Leviathan is chilling. It’s many things, of course — it’s beautiful, stunningly shot by director Andrey Zvyagintsev and cinematographer Mikhail Krichman; it’s grand and sweeping, ceilingless in theme and character; it’s relevant, despite criticism by the Russian government regarding an “unpatriotic” message. But most of all Leviathan is hauntingly realistic, defiant of many of the plot developments one might expect from such a film. Nominated for Best Foreign Language Film at this year’s Oscars (and arguably the frontrunner alongside Ida), Leviathan is also Russia’s first appearance at the Academy Awards in nearly a decade.

The plot stems from a land dispute between a corrupt town mayor and a family living by the seashore. After having been harassed by the mayor’s men, the short-fused patriarch Kolia brings in his friend Dmitri, now a lawyer in Moscow, to help fight the takeover. Dmitri digs up some dirt on the mayor that he thinks he can use — but in this tiny Northern town it seems everyone is dirty. Kolia’s life begins to unravel as he watches helplessly, and before long it’s not just his home that lies in jeopardy but his job, his wife, his son, his freedom.

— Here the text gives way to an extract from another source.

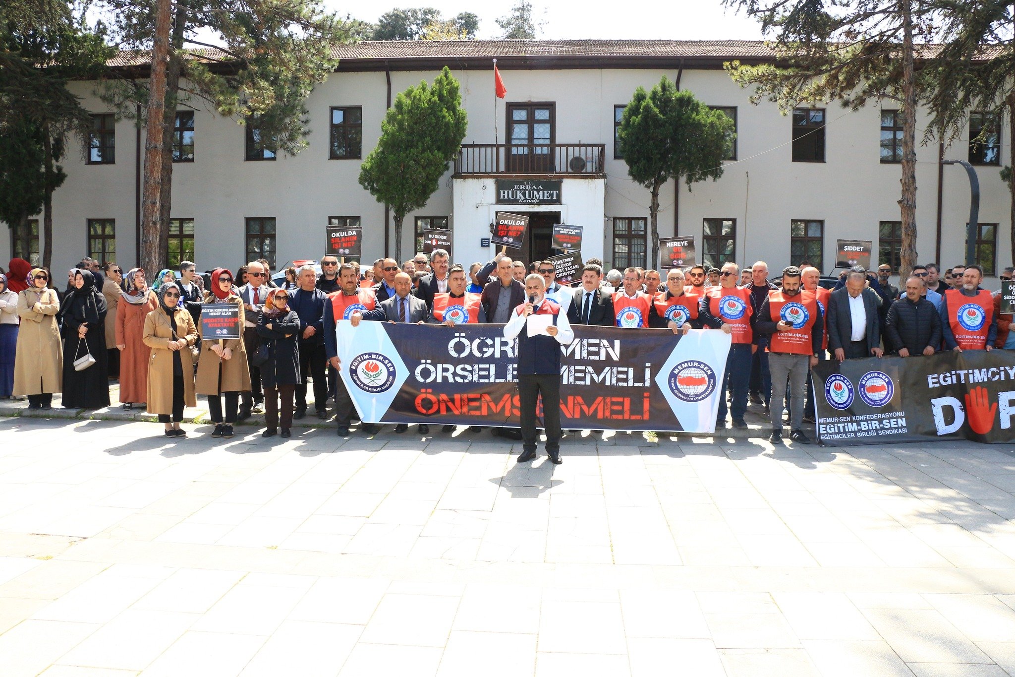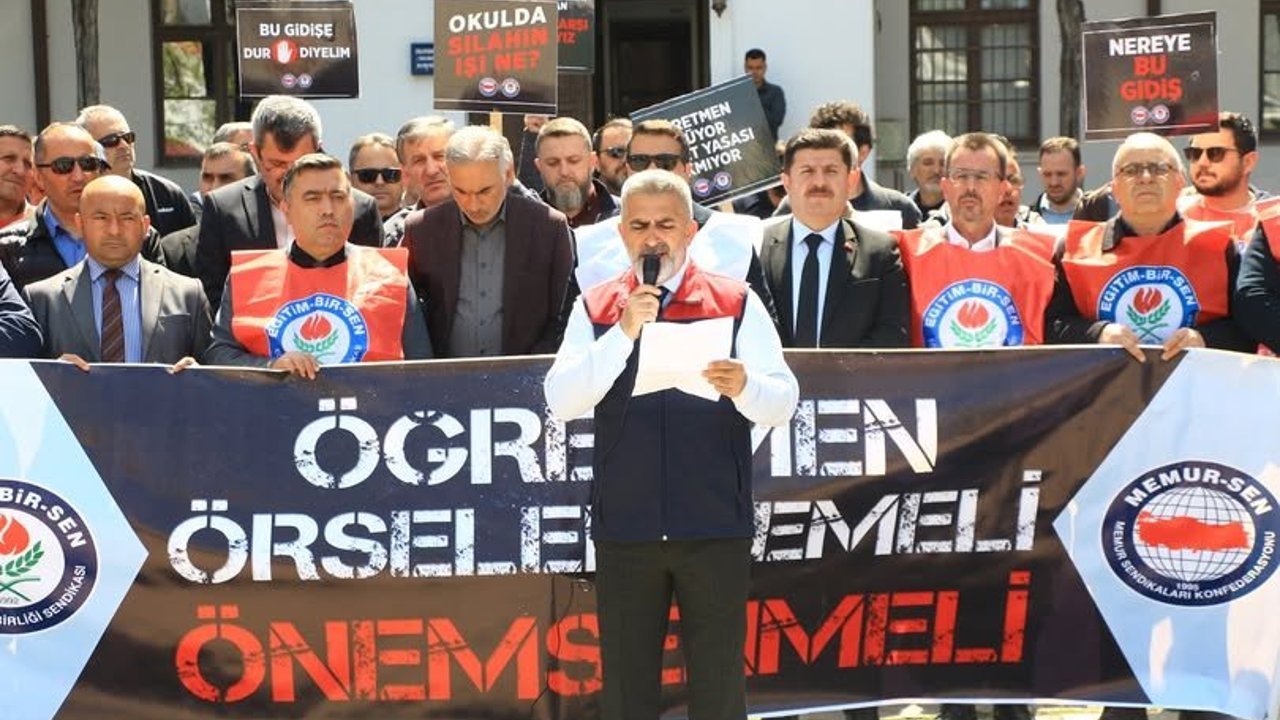 Eğitim Bir Sen Erbaa Temsilcisi İbrahim Cenik yaptığı açıklamada, “Bugün buraya Siverek Ahmet Koyuncu Mesleki ve Teknik Anadolu Lisesi’nde, eski bir öğrenci tarafından gerçekleştirilen menfur saldırıyı protesto etmek üzere toplanmış bulunuyoruz. Bir kez daha görülmüştür ki; okullarımızda eğitimcilerimize ve öğrencilerimize yönelen şiddet olayları münferit eylemler olmaktan çıkmış, yaygın bir toplumsal sorun haline gelmiş, toplumsal çürümeyi gün yüzüne çıkarmıştır. Eğitim sistemimizin en önemli paydaşlarından biri olarak; daha iyi bir eğitim, daha iyi bir müfredat, pedagojik yöntemler, daha ileri amaçlar üzerine kafa yormamız gerekirken eğitim kurumlarında yaşanan şiddet olaylarını konuşmak durumunda kalıyoruz. Hal böyle iken yetkililer çözüm üretmekte yetersiz kalıyor veya isteksiz davranıyorlar. Eğitimciye yönelen şiddetin vaka-i âdiyeden bir hale geldiği, eğitim çağındaki çocukların şiddete başvurduğu, silaha kolayca ulaşarak pervasızca suç işlediği bir zaman dilimindeyiz. Aklına esenin, aklı kesenin ya da aklı başında olmayanın öğretmene, okul yöneticisine, eğitim çalışanına, öğrenciye şiddet uyguladığı, can güvenliğinin eğitim-öğretimin önüne geçtiği bir zemine doğru hızla yol alıyoruz. Eğitimciye şiddetin, bireysel suç vakaları olmaktan çıkarak eğitim, aile ve toplum politikalarının sorgulanmasını gerektiren bir iş güvenliği sorununa dönüştüğünü üzülerek müşahede ediyoruz” dedi.

There have been a few films of late either consciously or unconsciously structured around the Book of Job, the most recent being A Most Violent Year and the most straightforward (and still best) being the Coens’ A Serious Man back in 2009. Leviathan takes a great many cues from that biblical tale as well, casting Kolia in the central role and forcing him to grasp at his earthly possessions as they slide away. He even explicitly hears about Job from a local priest, glumly trying to connect the dots in between sips of vodka.

But again, the stark tone of Leviathan is a thing to marvel. A Serious Man is probably the other end of the spectrum in Job-narratives, more of a lighthearted romp than an actual tragedy. Leviathan is a tragedy, through and through, and it’s a really dark tragedy to boot. We spend a lot of time in the kitchen area of the home in question, which plays stage to meals, laughs, arguments, shoving matches, late-night weeping, late-night drunkenness, and a kaleidoscope of other emotions from Kolia and his family. It’s a subtle but effective accomplishment from Zvyagintsev and Krichman, making this room such a focal point. A viewer likely wouldn’t realize their own familiarity with the kitchen, might not realize that they’ve somehow become attached to that house as if they’ve lived there as long as Kolia has — that is until the kitchen, along with the rest of the house, is ripped down into nothing by a crew of construction workers.

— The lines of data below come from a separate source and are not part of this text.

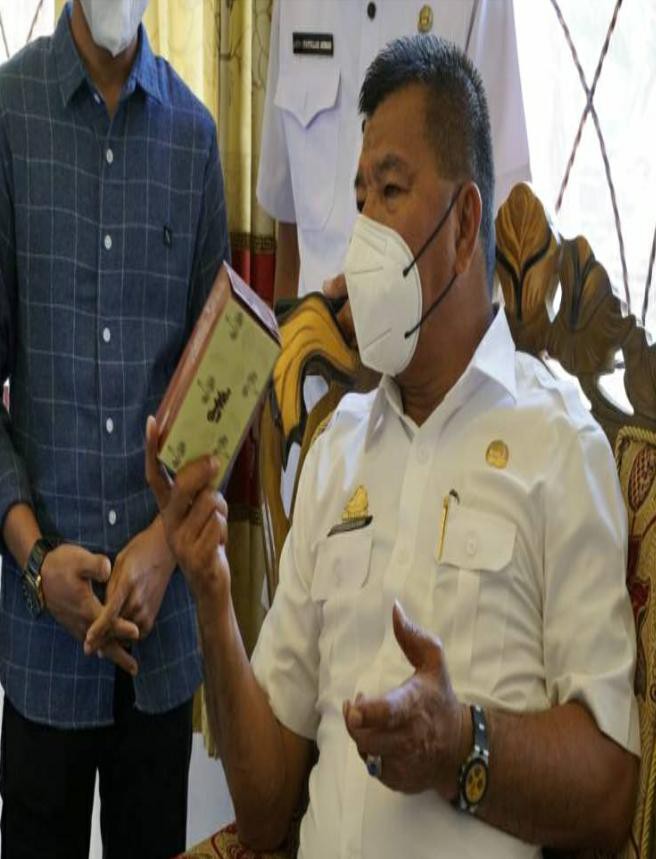 Saat owner Aksata Dodol, Rahman memperkenalkan kepada Bupati Bulukumba Muchtar Ali Yusuf di sebuah kegiatan pelatihan beberapa hari yang lalu.
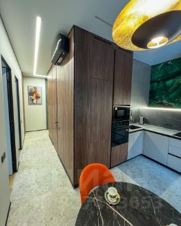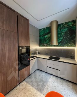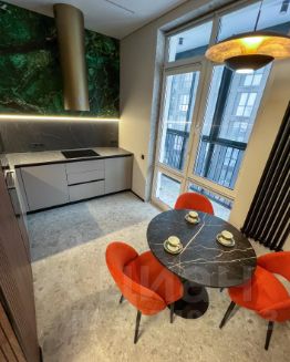 Полностью оборудованная для удобства в приготовлении еды кухня, имеется встроенный холодильник с морозильной камерой, духовка, микроволновая печь, посудомоечная машина, вытяжка, обеденный стол, удобные стулья, индукционная варочная панель.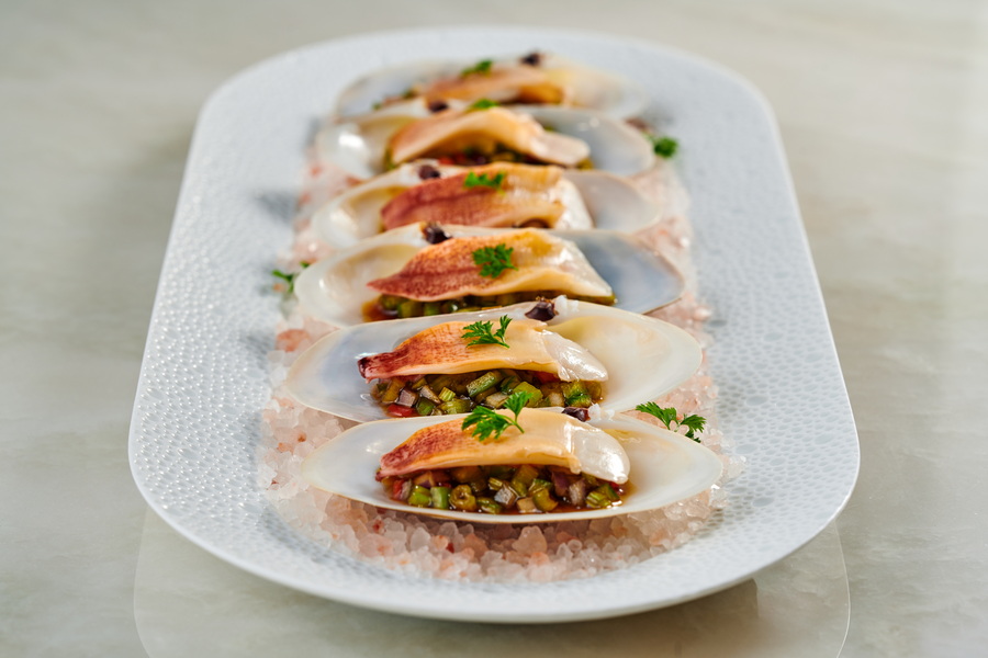 东海黄鱼与油带、南海竹蛏与白贝、西沙群岛野生鱼类……四海小鲜聚齐,搭配潮汕金不换、东北老虎菜,调味手法在油泼辣子与油醋汁之间,自由切换,中国海岸线上的独家甘甜,如画卷在舌尖延展。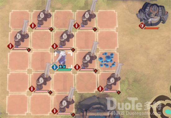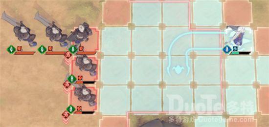 第一回合:先动冰璃,移动(滑铲过去)到如图位子,然后再动霍雍,停在冰璃旁边(如图,给冰璃加上buff)放aoe(一定要放不然冰璃的定魂会被提前触发),冰璃的执剑奉行技能是完成成就的关键,这样第一回合4头狼任务完成。

That’s one of the final things we see in Leviathan, but it’s the last vestige of Kolia’s life after the back half of the film tears everything else from him. Alexei Serebriakov is wonderful as Kolia, unable to control his anger at the mere thought of the mayor Vadim and likewise unable to control his own fate. The rest of the cast is phenomenal as well, and the film is written in such a way that even minor characters get their time to shine before the film concludes. That must be a deliberate approach from Zvyagintsev and co-writer Oleg Negin: everyone shines at least a little, even the alcoholic traffic cop that lives nearby, but at the end of Leviathan nothing shines. The waves crash on the shore, as they always have and always will, and the hulk of Kolia’s home now lies not far from the hulk of a long-dead whale washed in by those waves.

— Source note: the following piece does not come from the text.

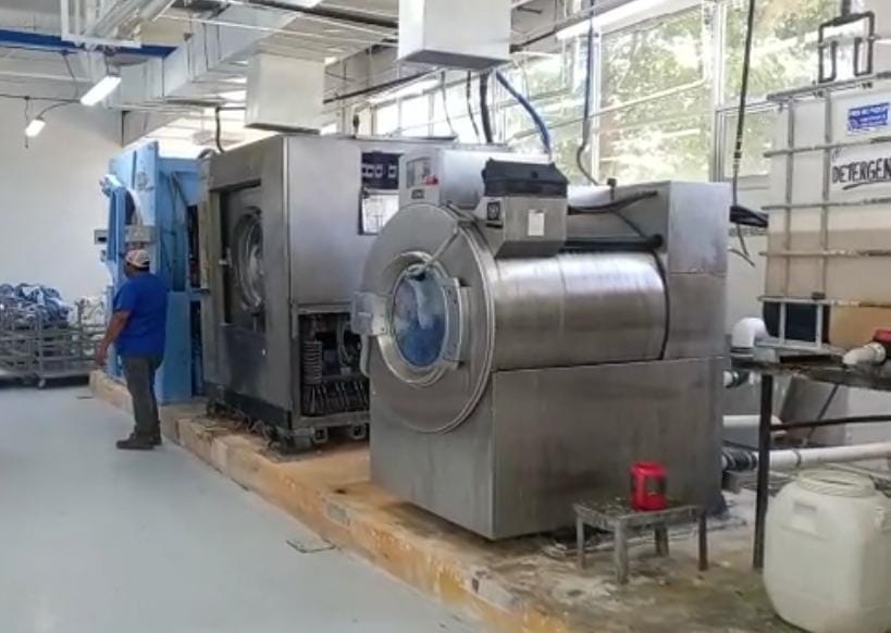 Detalló que cuenta con tres lavadoras: una de 200 kilos, otra de 100 kilos y otra de 80 kilos de capacidad; además, tiene cuatro secadoras con capacidades de 80 y 100 kilos respectivamente.
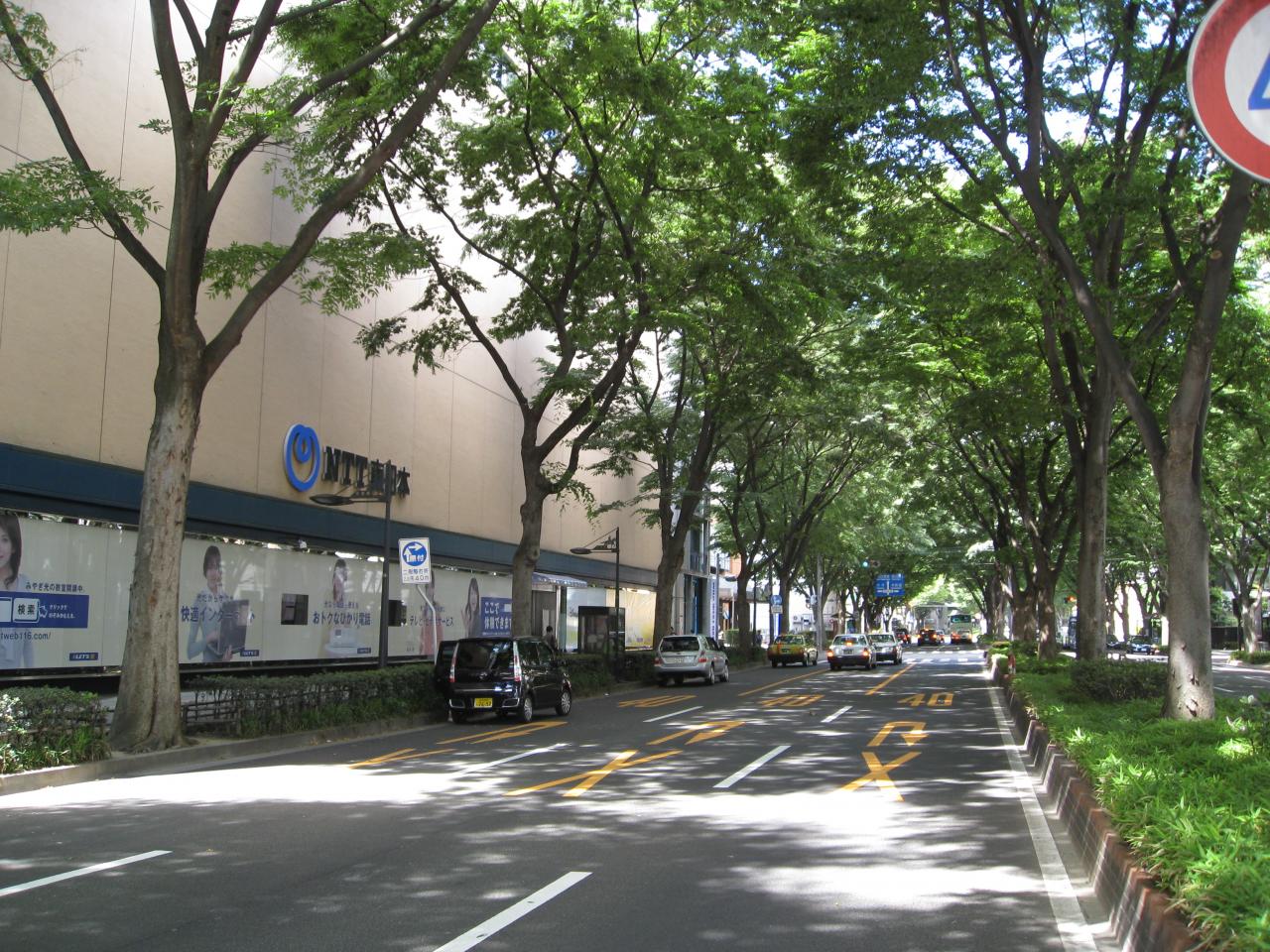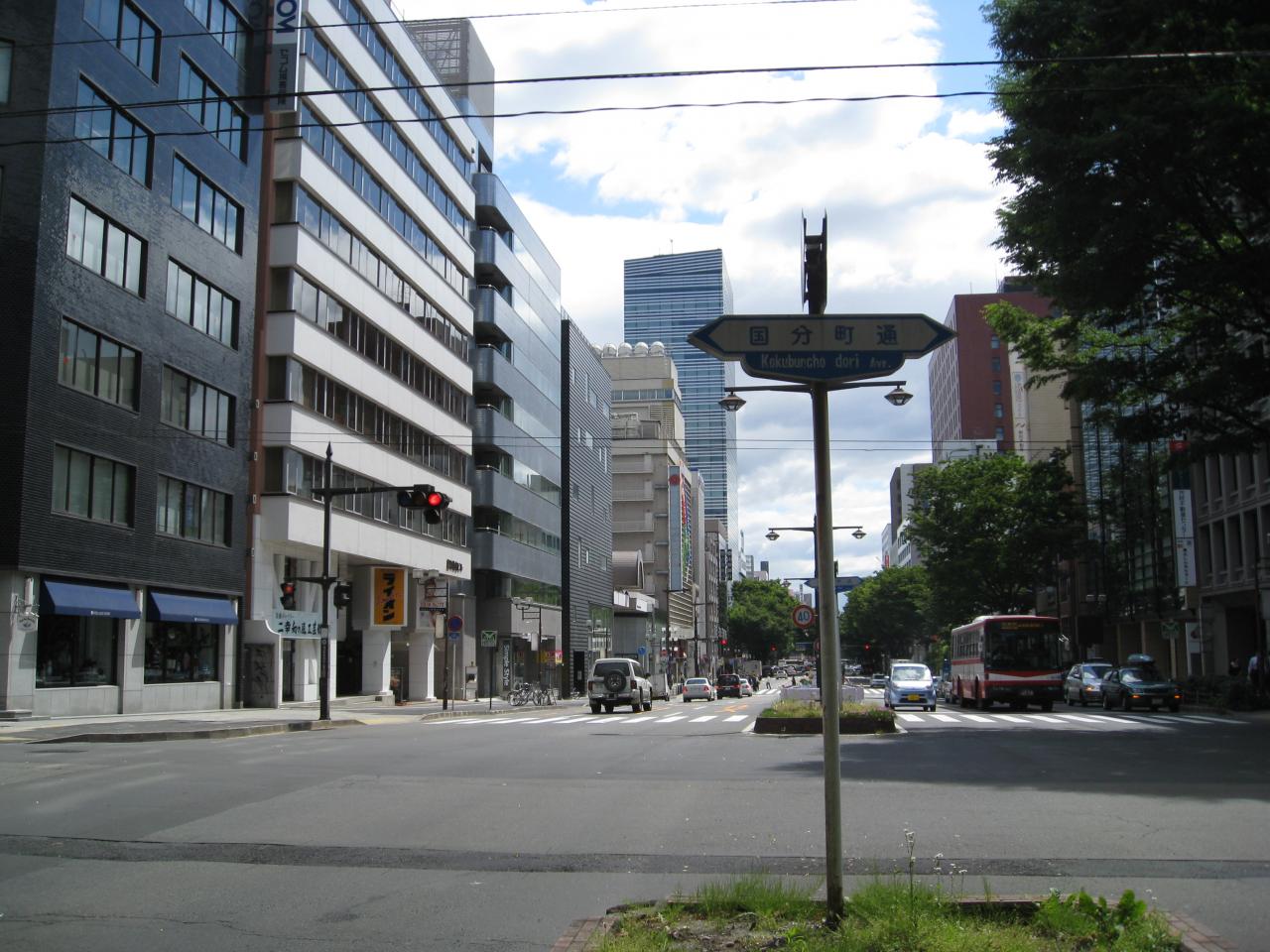 青葉通りは、地下鉄工事のためケヤキがなくなった区間と、ケヤキが生い茂っている区間と、対照的です。国分町通りと青葉通りの交差点はまさにそんな地点です。

Few Job-narratives are as sickeningly realistic as this. Interestingly, I now have to clarify what I mean by realistic in the wake of a loud and angry resistance to Leviathan from Russian government and conservative groups (The New Yorker ran a piece about this today), who would posit that Leviathan is categorically unrealistic. So, no: I don’t mean realistic in the sense of this is what Russia must be like, and how awful. Zvyagintsev has defended the film by stating that Leviathan could be set anywhere, and that any social commentary specific to Russia is what a viewer might project onto it; not only is this more defense than should be needed, but it’s also part of what makes the movie so haunting in the first place. It’d be fatal to assume this couldn’t happen right here, right now, just as Kolia seems to believe in this kind of compounded horror happening to anyone but himself.

Leviathan is realistic, then, in narrative terms — we’ll leave the political stuff for more interested minds (Aaron Sorkin, get on it!). Ironically, the least realistic part is probably that scene where the local priest talks with Kolia about the Book of Job (“You’re him! Get it?”); aside from that, Leviathan is a dark and twisted tale set in a remote part of the world that seems disturbingly familiar.